Similarly, with the “No Child Left Behind” all students of a certain age, in the case of my school Juniors, had to take an achievement test to determine if the school was good enough. If a certain point was not reached then the government would raise the level the school needs to reach and cut school funding (which would make it harder to reach the level in the first place). On top of that, the special needs kids and the ESL kids had to take the same test in the same amount of time, which would automatically lower the score as they are in separate and different classes and may need more time to be able to read it (especially if they are not proficient in English). Taking these test scores into account would lower the total score of the school and make it seem as though the school was doing worse than it was, and we never made the mark; yet I went to a very good school in a good district, and our curriculum was fairly rigorous, especially in the AP classes. Taking test scores like this to determine how good a teacher or a school is does not really make much sense because it ignores things that should be obvious, not all people are the same, nor do they have the same abilities or motivations or skills, and they should not be treated as though they do.
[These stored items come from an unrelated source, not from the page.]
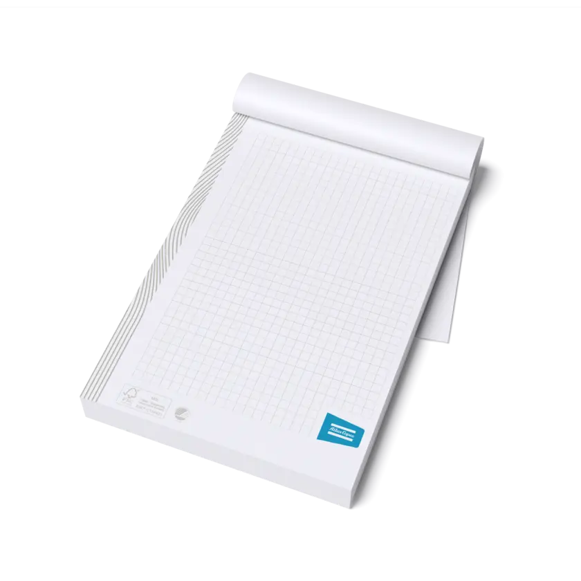 Notepad with a sturdy backside. 100 grams of white squared 25 pages. Sold in 20-packs.
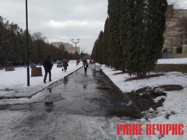 Тому в парку Молоді вода затоплює пішохідну доріжку, що створює чималі незручності для рівнян.
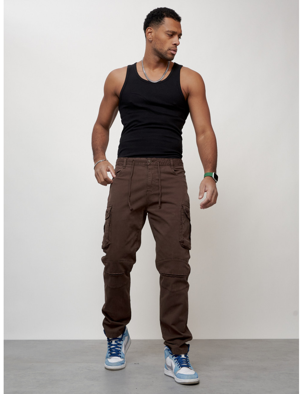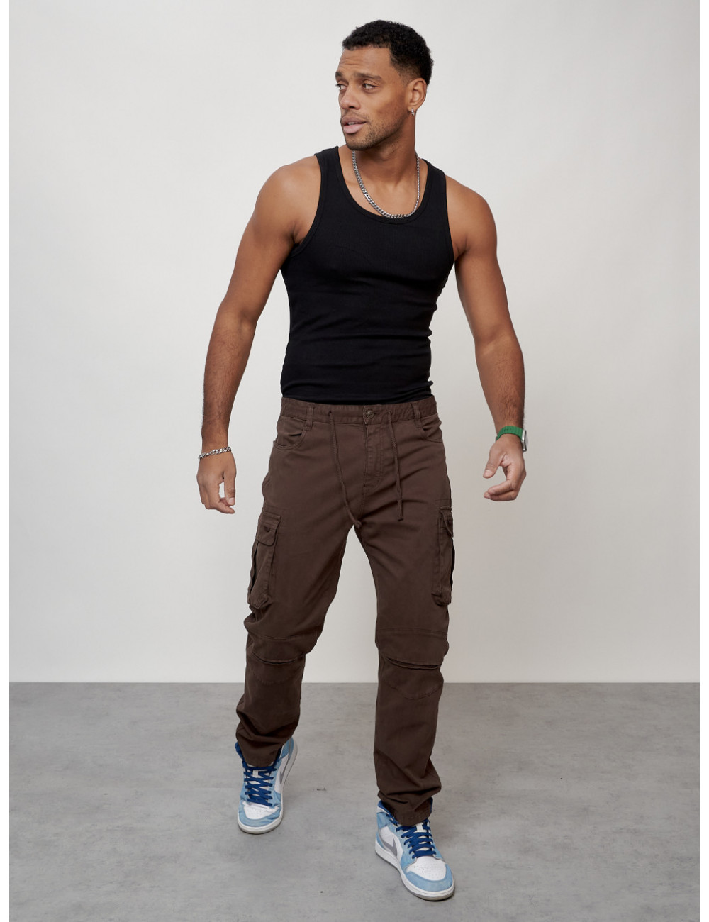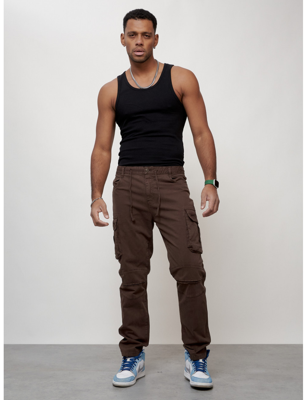 Перед использованием рекомендуется отпарить брюки. Соблюдайте рекомендации по уходу, указанные на внутренней бирке изделия, чтобы брюки радовали вас долгое время. Доставка по Москве и Московской области Мужские джинсы карго коричневого цвета.
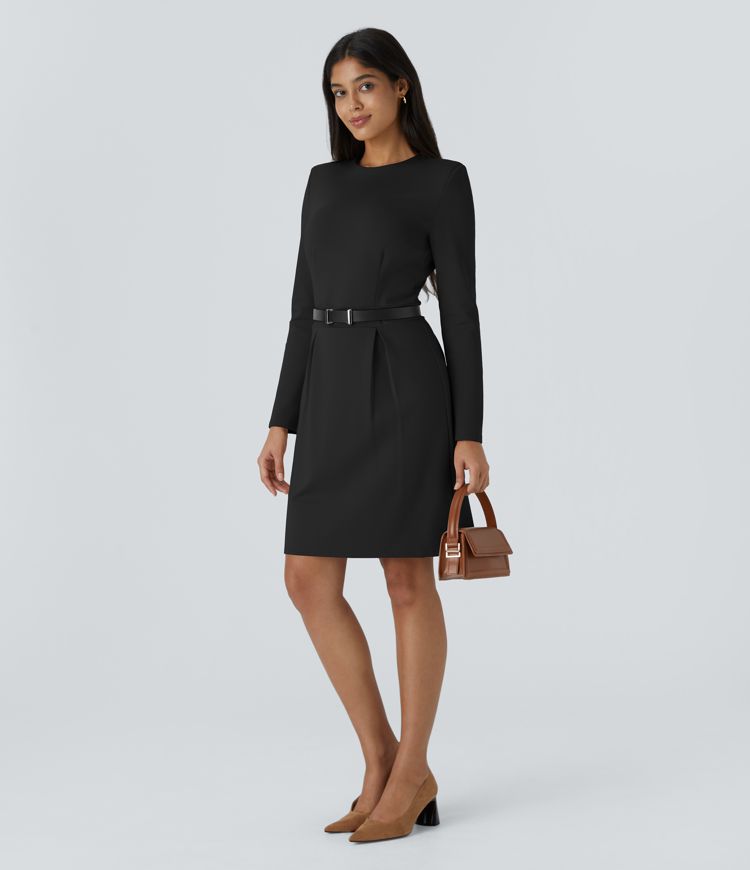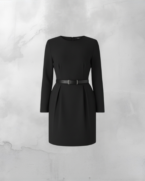 Elegant sort midikjole med flatterende V-udskæring og lange ærmer. Den brede, taljebetonende bælte med guldfarvet spænde sikrer en struktureret pasform. Skørtet har flydende plisseringer, der skaber et dynamisk A-snit. Perfekt til både formelle lejligheder og stilfulde aftener.
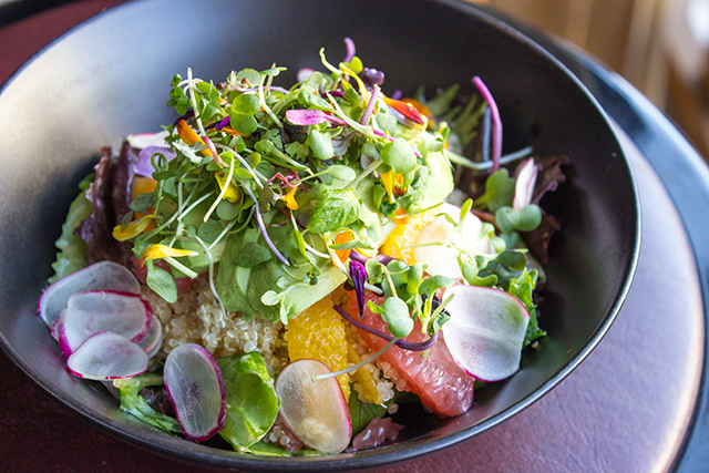 To kick the meal off, I opted for the stuffed squid, which was filled with house made sausage, topped with a beautiful tomato sauce, and served with a side of arugula. If you know me, you know I order squid every time it’s the on the menu, and I can say this is unlike any dish I have ever had. It reminded me of stuffed cannelloni, but with squid instead of pasta. The sausage was wildly flavorful, and made this dish a standout on the menu. As another visually stunning appetizer, we ordered the market salad, which on this day involved quinoa, micro-greens, radish, grapefruit, and a light dressing.
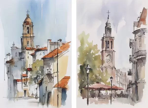 Poster Acuarelă imitație peisaj urban Nr d00832

Collen I disagree with one point: “Also, you could have a great teacher, they could be the best in the world, but if the student is unwilling to learn or unmotivated there is really nothing they can do.” I would argue that a great teacher has the ability to motivate each of their students to the point where they want to/can succeed.
I love it when socialists talk about the marketplace, especially when talking about such things as “market-based reforms. For them, the notion of a market does not entail freedom. Hence we get cap-and-trade, where the government gets to create fiat rights, where they can be traded on some exchange, and where they are given to plutocrats wholesale as billion-dollar party favors.